Creating a dynamic and efficient testing environment is pivotal to seamless execution of test cases.

Fixtures, a key feature in Pytest, play a crucial role in managing the setup and teardown of various test resources, from class initialization to database and network connections.

They help solve repetitive tasks, such as handling input data or establishing database connections.

Typically, developers explicitly pass fixtures into unit tests, enabling precise control over which fixtures are executed.

However, imagine a scenario where a fixture automatically executes for all test functions, eliminating the need for explicit fixture passing…

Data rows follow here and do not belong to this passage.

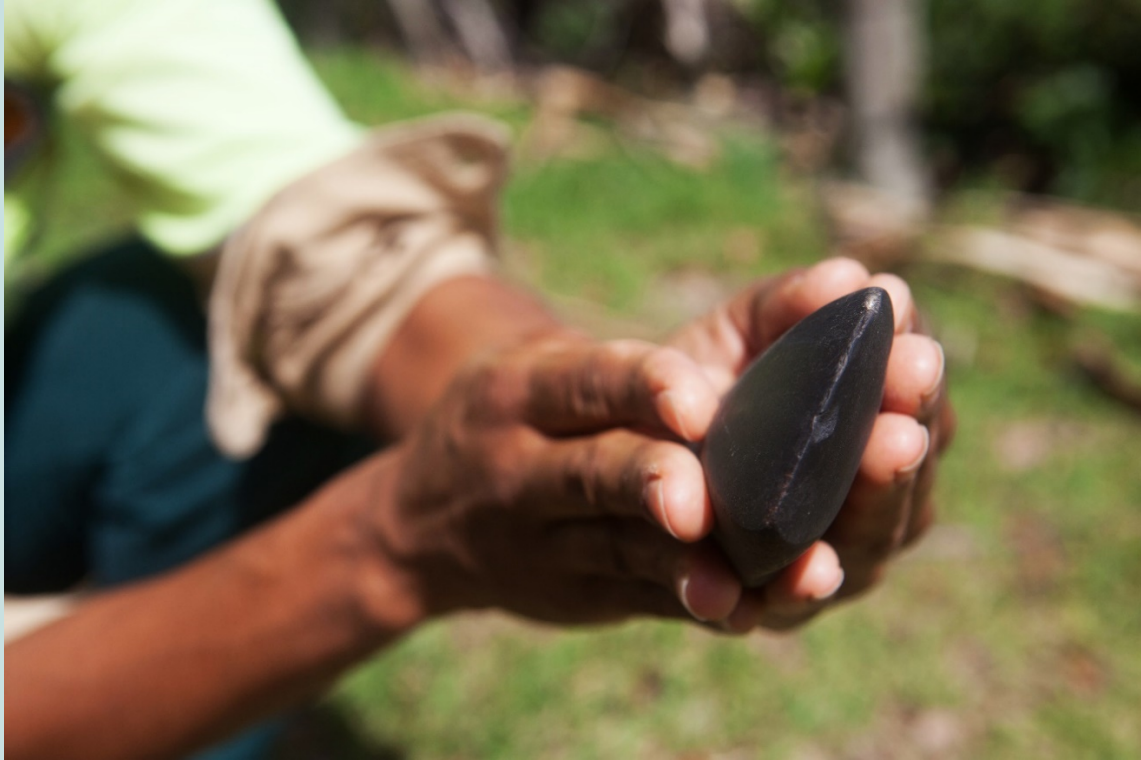
Photo Dolphin Dreaming Discovery program, The Pass, Arakwal tools.

Joint management agreements provide for Aboriginal people to have primary responsibility for the assessment, management, monitoring, protection and interpretation of Aboriginal cultural heritage. The Board of the jointly managed Mount Grenfell national park is working with Heritage NSW to undertake an audit of its art sites. Worimi Conservation Land Board and the Narran Lakes Joint Management Committee have climate change adaptation projects raising awareness of threats to cultural heritage and detailing the practical actions required to safeguard Aboriginal cultural heritage for future generations.
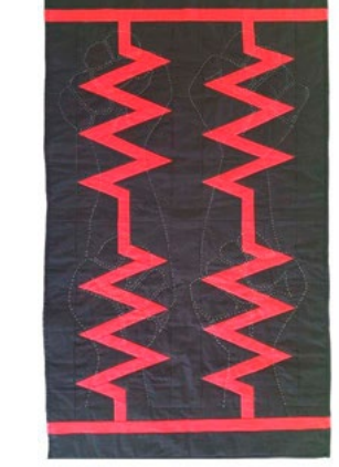
"Autumn Falls 8" by Akiko Sogabe, paper cutting

The collection of new artworks will be on display on the City Hall Lobby Mezzanine in
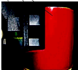
Left Rear Top View (Shim spacer is not required in this view)
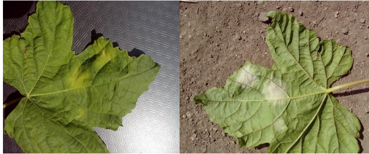
Figure No. 5: Grey Mildew on Cotton

Plasmopara viticola is the pathogen responsible for Downey mildew disease. It creates the white spots on the back side of leaves. As seen in first stage white spots are present on backside of leaf. Exactly on the opposite side (upper side) of white spot (downside), yellow spot comes. Primary stage of yellow spot development is shown in figure
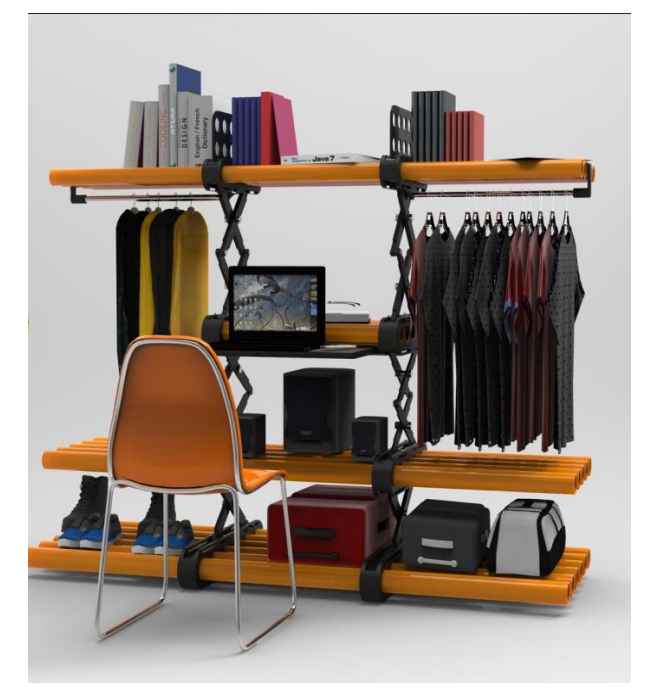
Fig-5: Rendered image of the final product in use

Enter Pytest’s fixture autouse feature, a solution to this common challenge.

With fixture autouse, you can define a fixture that automatically runs before each test method, eliminating the need for manual fixture invocation in each test function.

This is especially useful when you have nested fixtures that need to be executed before each test function.

In this article, we delve into the depths of Pytest fixture autouse, exploring its applications, optimal use cases, and methods for fine-tuned control.

A practical example will illuminate the concept, providing a hands-on understanding of how Pytest fixture autouse operates.

Furthermore, we’ll unravel advanced aspects of autouse in Pytest fixtures, elevating your testing process to a new level.

Let’s embark on this journey to unlock the potential of Pytest fixture autouse and optimize your testing workflow.

Example Code

What You’ll Learn

By the end of this tutorial, you should

  • Have a crystal clear understanding of Pytest Fixtures and how to auto-request them as opposed to manually
  • Able to handle fixtures more professionally.
  • Control the order of fixture execution in tests.

Understanding Pytest Fixtures

Let’s understand the basics of Pytest fixtures.

Pytest Fixtures allows you to organize the test environment such as managing resources, data, and dependencies, before executing tests, making a well-organized and efficient environment.

Fixtures are defined using the @pytest.fixture decorator. It performs setup preconditions for tests, shares data across tests, and initiates teardown tasks at the end of the tests.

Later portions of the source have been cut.